甄稳甚至都没有问菜名,掌柜的媚笑的满脸褶子,心中欢喜,忙命后厨赶快去做。
“掌柜的,我是76号行动处的。”
“啊?”掌柜的瞬间一哆嗦。
甄稳安慰道:“你别怕,吃饭给钱,我一个也不少你。我来问你,坐在那里的男子是此地人吗?”
掌柜的摇摇头:“不是,这个人最近两天才过来吃饭。”
“知道是哪的人吗?”
老板看着那人低声道:“这个不知道。他到了这里还没有说过一句话。他每次要什么都用手比划,应该是个哑巴。好在他要的很简单,只有米饭和豆腐,从来没有换样。”
甄稳点点头:“我问你的不要告诉任何人。”
“明白,明白。”
甄稳回到桌前,四个盘子已经空了。
按理说这里憨二宝饭量最大,瘦骆驼和老乔两人的饭量也不抵他一个人。
此刻,憨二宝端着碗,一直瞪着瘦骆驼。
瘦骆驼真怕憨二宝,若是他暴怒起来,几个人都抱不住他。
“那什么?”瘦骆驼指着外面道,“你看那云多白,你猜,云上有没有住着神仙。”
憨二宝抬头去看天空,老乔盯着瘦骆驼有些不乐意。
“瘦骆驼,我们还没动两筷子,都被你吃了。还用什么云上有神仙来忽悠二宝,云彩能当饭吃吗?”

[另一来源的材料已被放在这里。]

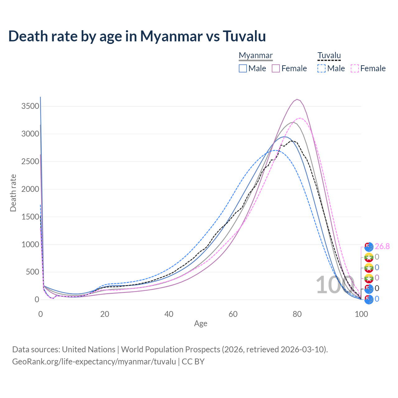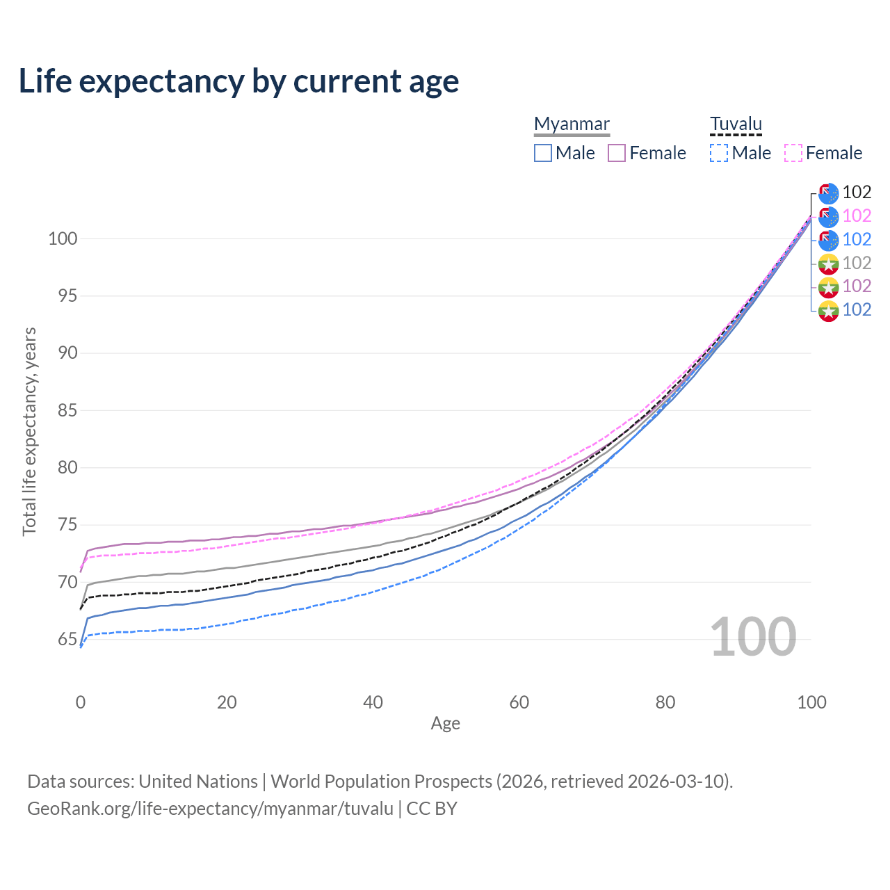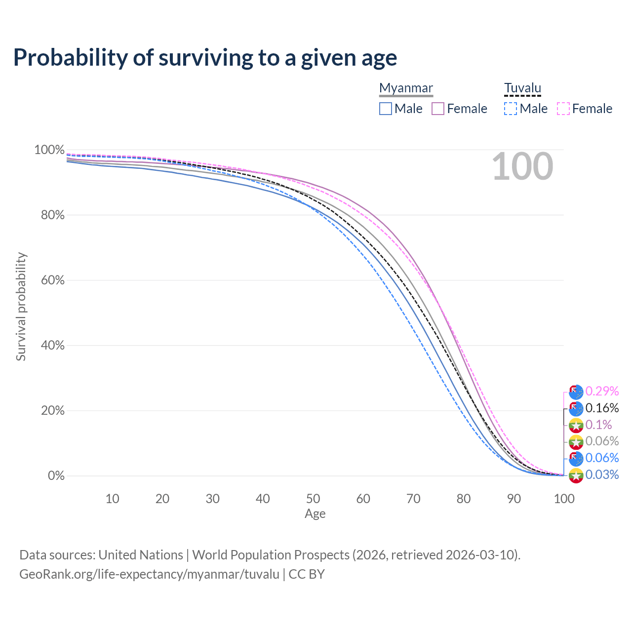 This life expectancy calculator shows the odds of living to 100, 95, 90, and below based on current age for both males and females in Myanmar and Tuvalu, along with mean and median age of death. The calculations are based on the 2026 life tables (actuarial tables) from the UN World Population Prospects.
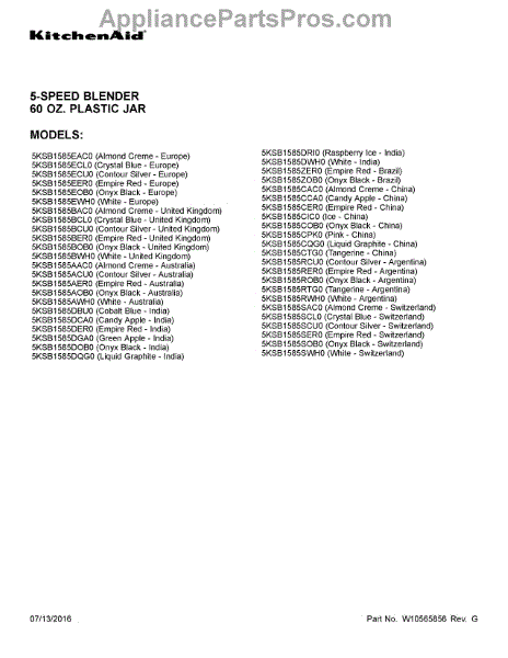Parts for Whirlpool 5KSB1585ACU0: 01 - Cover Sheet Parts
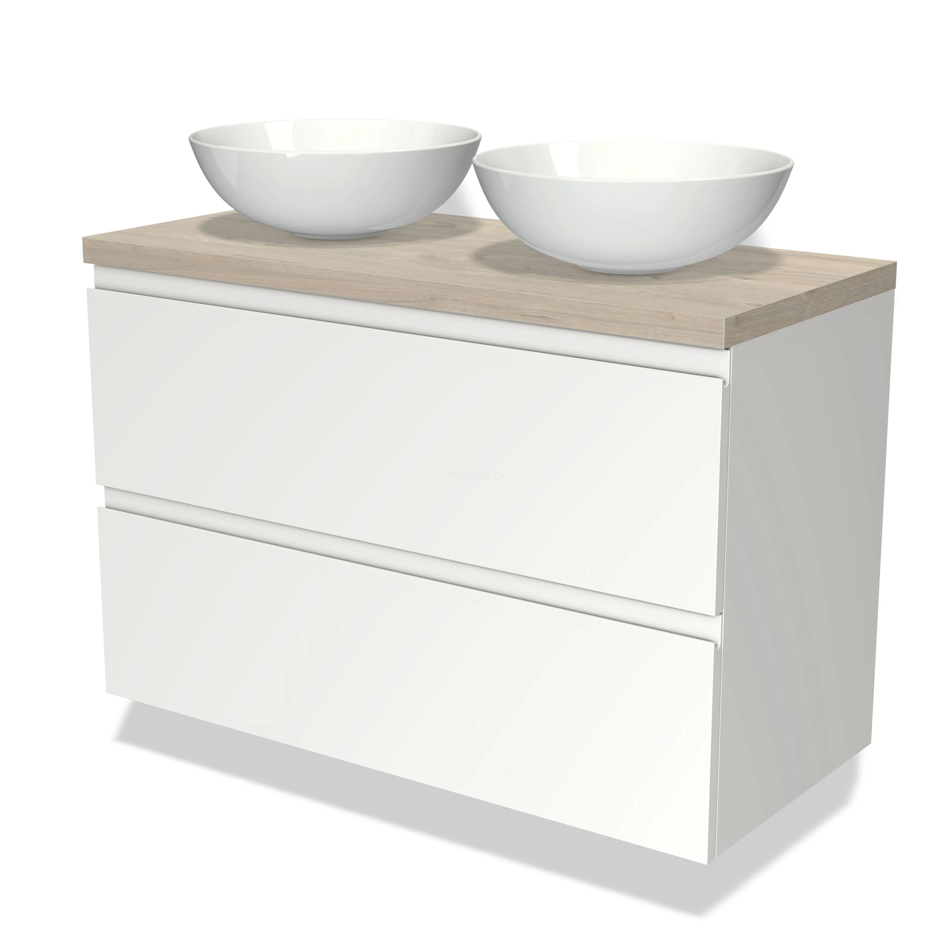 Modulo Plato Vanity units for countertop basin | 100 cm Matte white Handle-less front Light grey oak worktop 2 Stacked drawers
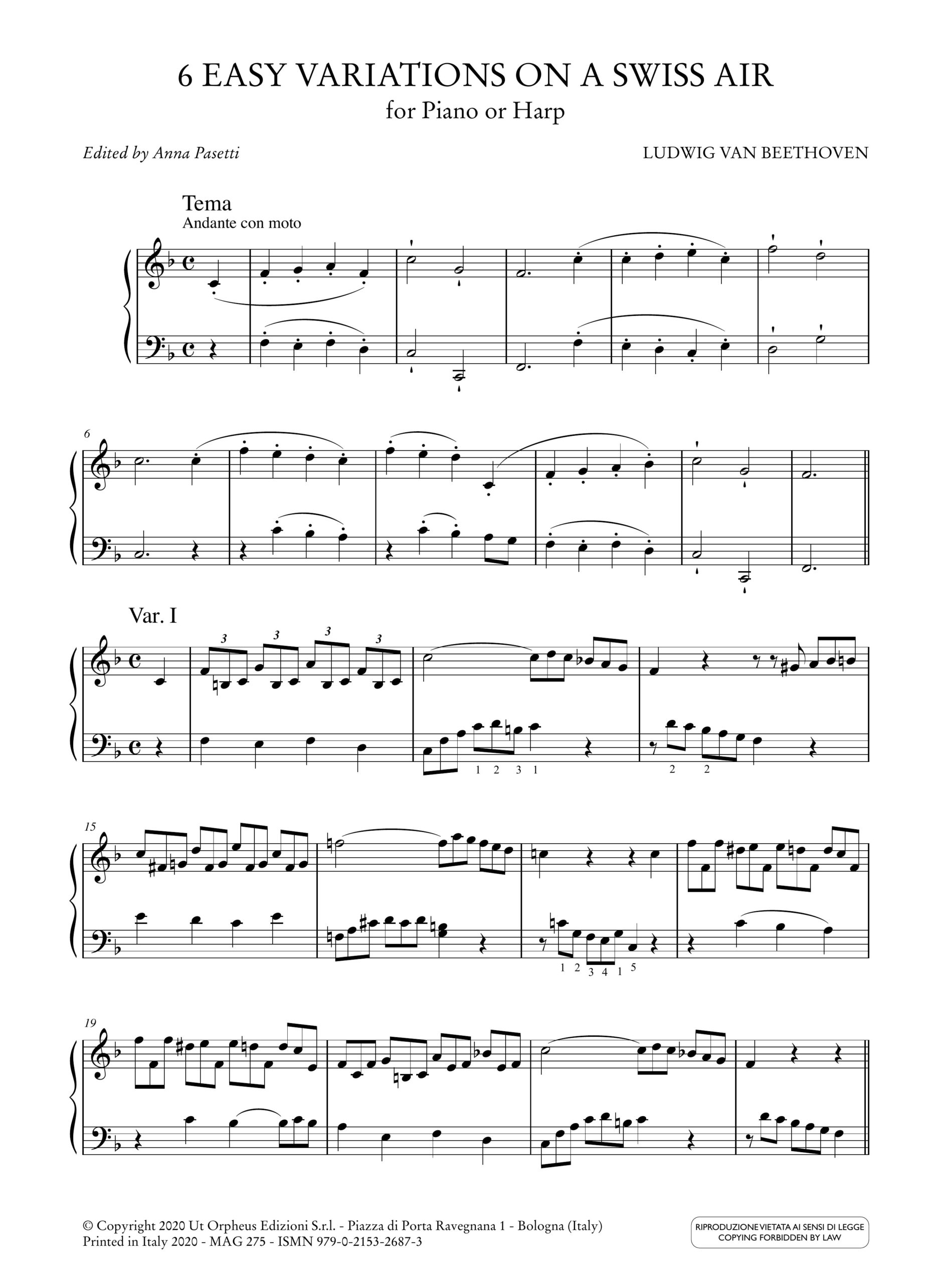 Beethoven, Ludwig van: 6 Variazioni facili sopra un’Aria svizzera per Pianoforte o Arpa
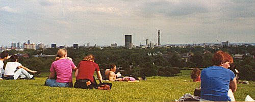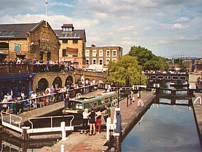 De wandeling naar dit panorama was ook bijzonder. Ik ben uit de metro gestapt bij Camden Town. Toen ik het station uitliep, was ik lichtelijk verrast! De winkelstraat hier is allesbehalve normaal (wat is eigenlijk "normaal" in dit land?). De winkels lijken meer op marktkramen, de helft van de waren staat op straat en hangt aan de deuren en muren. Een markt is hier trouwens ook. De aangeboden waar bestaat vooral uit trendy schoenen, leren jassen en spijkerbroeken. Het oogt allemaal nogal alternatief, dus leuk. "Anders dan anders" zou een goede vriend van mij zeggen. Vanaf de stuw ben ik vervolgens een stuk langs Regent's Canal gelopen. Dit is een prachtig stuk om te lopen. Over het kanaal varen smalle bootjes, waaronder de "Canel Bus". Daarna ben ik dus in noordelijke richting naar Primrose Hill gelopen. De plannen waren destijds om hier een paleis te bouwen, maar dat is uiteindelijk nooit gebeurd. Nu kun je hier genieten van het mooie uitzicht, op de stad en op de jongeren die hier in het gras zitten en liggen. Leicester Square
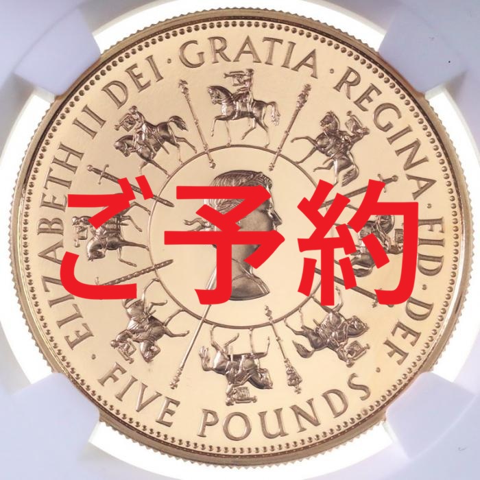 こちらは戴冠40年を記念して発行された5ポンド金貨です。
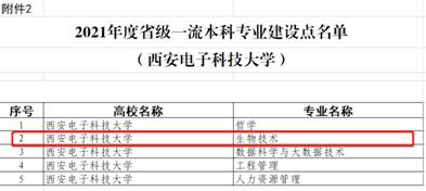 近日,教育部办公厅发布《关于公布2021年度国家级和省级一流本科专业建设点名单的通知》(教高厅函〔2022〕14号),365best体育亚洲官网生物技术专业成功入选2021年度陕西省级一流本科专业建设点。这是继生物医学工程专业获批2020年度国家级一流本科专业建设点之后,学院在一流本科专业建设方面取得的又一成绩。
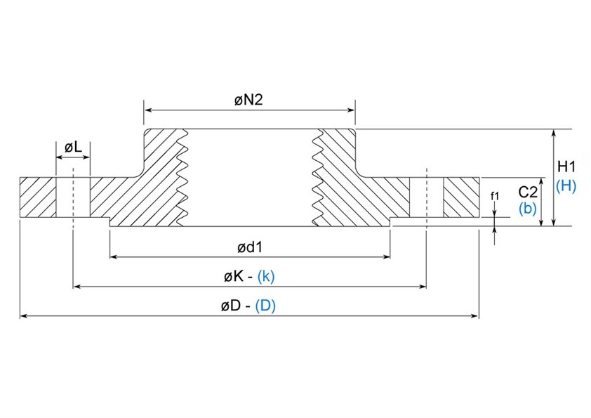 Velikost | Dimenze | PN | D | K | NרL | C2 | H1 |
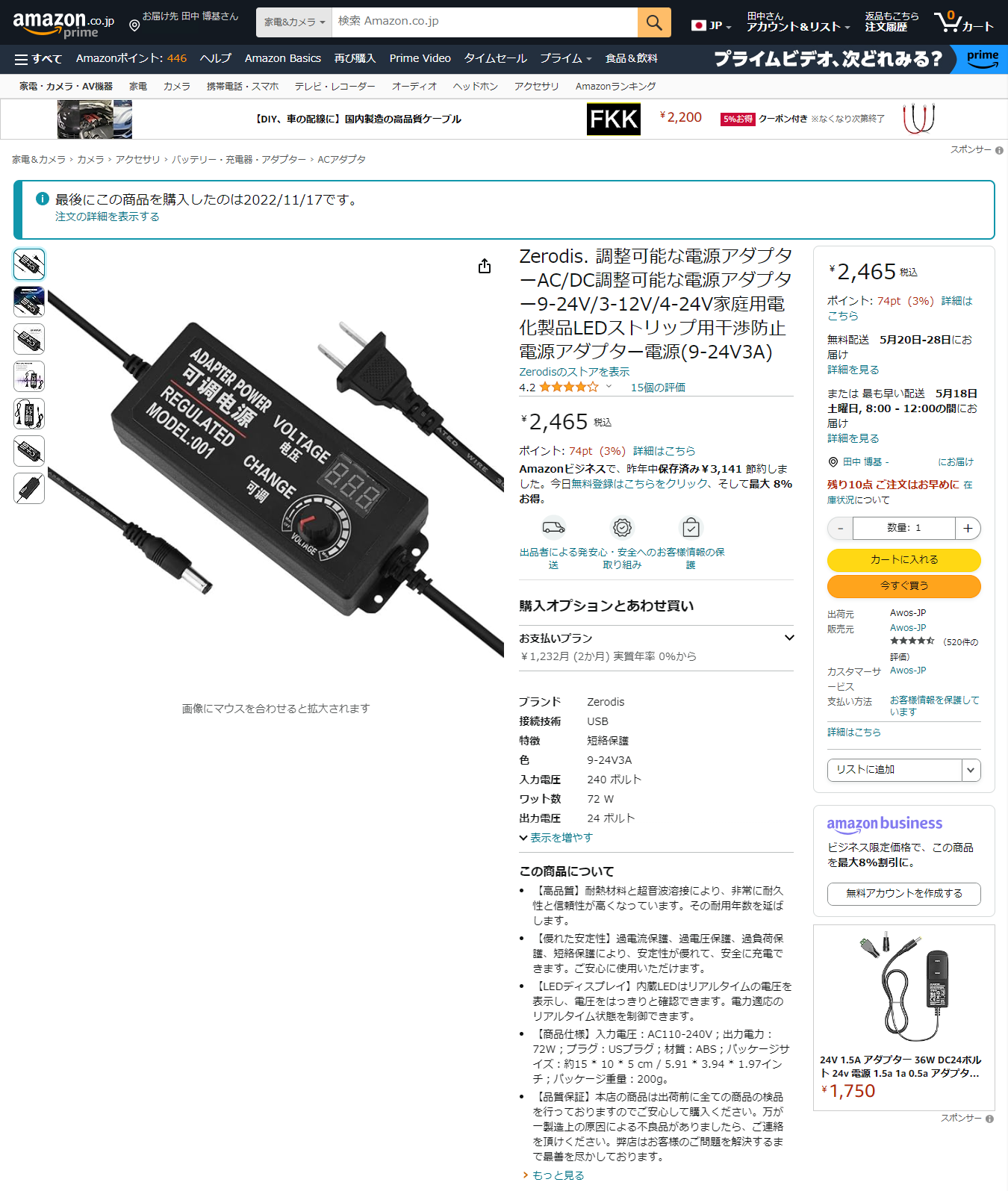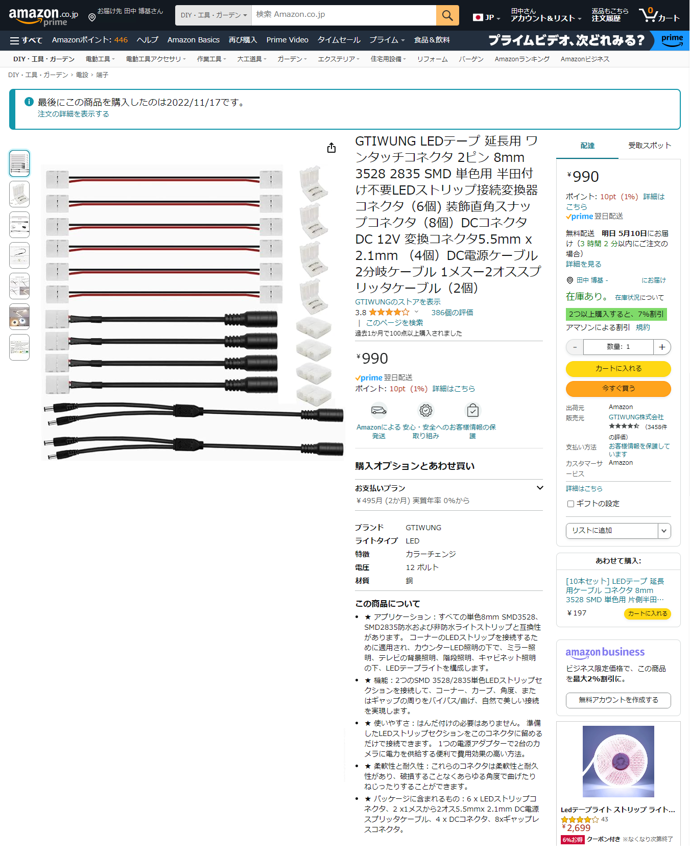 また過去に遡りますが、この日左のスクショの商品/LEDテープライトを初めて購入しました。
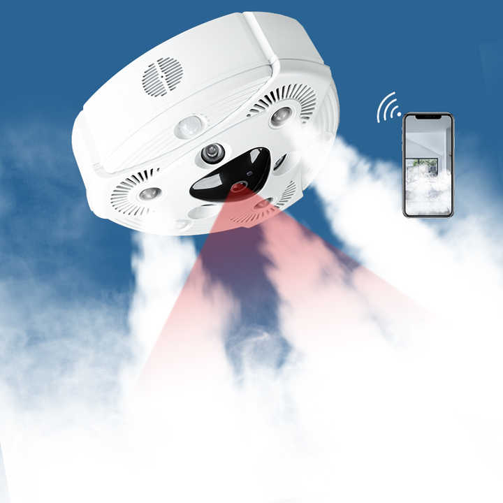 Alarme de sécurité à brouillard avec caméra domestique sans fil, 3 détecteurs de mouvement PIR : identifie le mouvement dans la zone protégée, caméra IP intégrée
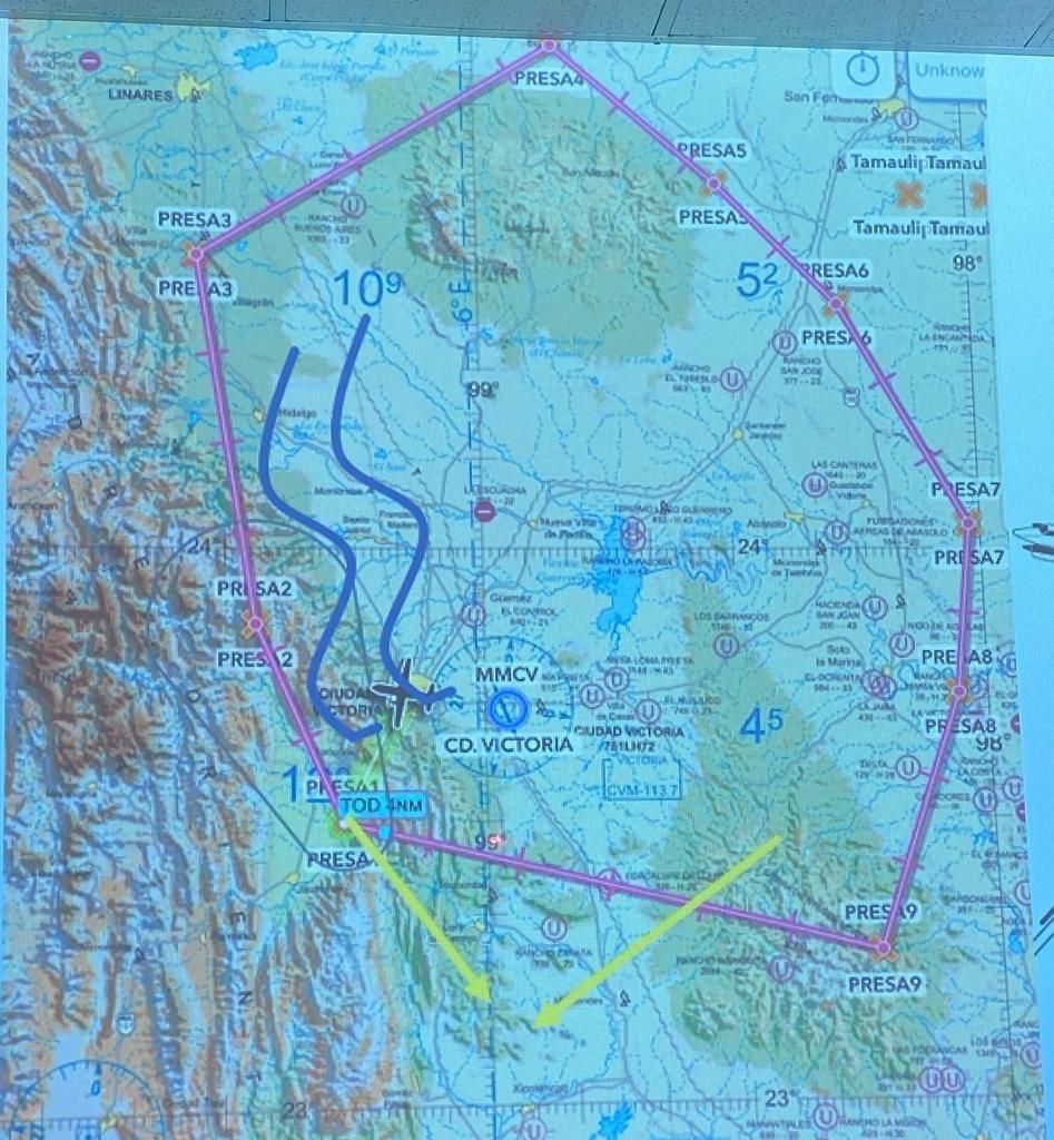 Para recorrer el polígono marcado que comprende los municipios Victoria, Güémez, Hidalgo, Villagrán, Villa Mainero, Abasolo y Padilla, la aeronave despegó del aeropuerto a las 14::45 horas.

瘦骆驼冲老乔直眨眼,他不怕老乔,却怕他的话提醒憨二宝。
甄稳回来道:“慢吃,一会还有菜。”
伙计端上来四盘菜,一股香气早已把瘦骆驼的目光吸引过去。
甄稳从伙计手上接过油焖大虾,手一哆嗦没有拿住,嘭!盘子落在桌上发出响声。
甄稳的目光却是盯在那人身上,有道是十聋九哑,看看这人是不是聋子。
响声突起,那人离得近扭过头去。
甄稳已经心中有数,看着发愣的伙计道:“把这收拾一下,这个算我的,再做一盘。”
伙计惶恐的拿起抹布,掉在桌上的大虾,已被瘦骆驼以迅雷不及掩耳之势划拉到碗里。
掌柜的在远处隐隐有忧色,不知这几个人到时是否真的给钱。
那人吃完离开,甄稳等人吃完,已经过了中午。
瘦骆驼拍着肚皮,不时的吧嗒着嘴,一副心满意足之状。
给完钱,掌柜的由惶恐变成惊喜。
甄稳等人离开,瘦骆驼道:“甄队长,咱们还去哪里?”
“当然去找胖子?难道你想找莫孤独。”
“不不,我宁可找一百个胖子,也不找一个莫孤独。人生苦短啊,用这么短的人生,去找莫孤独,很不划算。”
老乔念念不忘瘦骆驼的吃相,挖苦道:“活那么久,对人类是一个灾难。”
瘦骆驼哈哈大笑:“吃饱才知万事空,饱餐一顿即长生。哈哈……”
瘦骆驼几人只道搜寻胖子行踪,不知甄稳在查寻这里的异常。
门上图标已显示出异常,却不知作为标记起什么作用?
甄稳不在那里停留,停留时间过长,同时也会成为别人的目标。
搜查到临近傍晚回去,汇报一天的情况之后,众人离开。
莫孤独刚回来不久,他寻找大半天,也没有收获。
刚坐下休息,甄稳随后进来。
莫孤独向旁一指:“坐会儿吧,按你说的,明天又该换地方了。”
甄稳点头:“这是必须的,另外,我在你留下暗记不远处,看到了三角形图标。”
“哦?果真有那个标志。你是让我打探那里?”
甄稳笑道:“和你合作,总是让我省去很多心思。”
莫孤独翻愣着眼睛,提醒道:“你还欠我一顿酒。”
甄稳笑答:“但我还真没有看过你喝酒,也许你不喜欢酒。”
莫孤独道:“你这是不是要赖账?我喝不喝酒不重要,重要的是你要把酒摆在我的面前。”
甄稳自然放心,把事情交给莫孤独他从来不用担心。
莫孤独外在的能力,甄稳自叹不如。在他看来,那已不是一般人勤学苦练能达到的程度。即使自己苦练个十年八载,也会和他相差甚远。
甄稳处在敌人的心脏,是在枪口下生存,莫孤独竟然有些担心。
他看甄稳的身材,忍不住想让他减肥。身体瘦一些,最起码会灵活很多。莫孤独早有劝他的想法,只是一直没有说出口。
莫孤独终极目标在岩田身上,面对深不可测的岩田,他也没有把握活着回来。
因此,他希望自己不再了的时候,甄稳能够自保。
和岩田一战,是无法避免。就是万千人阻挡,他也要前往。
莫孤独沉思片刻笑道:“甄稳,你在枪口下行走,恕我直言,你的智慧有余,本事不足。以你的头脑,学些枪法搏杀之技不难。”
甄稳听出他言外之意,开心笑笑,心中那种感激之情,令他有些些担忧。
莫孤独和岩田本身处在不平等环境下,他要处处提防敌人,还要完成任务。
甄稳失去他不仅是左膀右臂,简直是大半个天空。
之前,初来乍到上海甄稳要应对76号和特高课考验,甄别,监视,窃听……没有精力和时间去考虑这些事情。
此刻,听莫孤独如此说,心中感叹,想想还是作罢。
甄稳思量,即使枪法告诉了自己,他却还需要练习。
他若天天练枪,不知会惹来什么后果,最起码会让人感觉诧异。
李士群和佐藤不会没有想法,刚把佐藤的内心怀疑引向李士群和丁默邨,他不能因这事,功亏一篑。
离开莫孤独住处,车行驶到中途,在虹云照相馆对面一家长兴面馆把车停下。
按照名单上记载,照相馆老板应该姓范,是抗日核心成员之一。
两人要了三大碗特色面,坐在桌前吃了起来。
吃不多时,却见郑思敬从照相馆里走了出来。
他向四周张望一眼,随即消失在远处。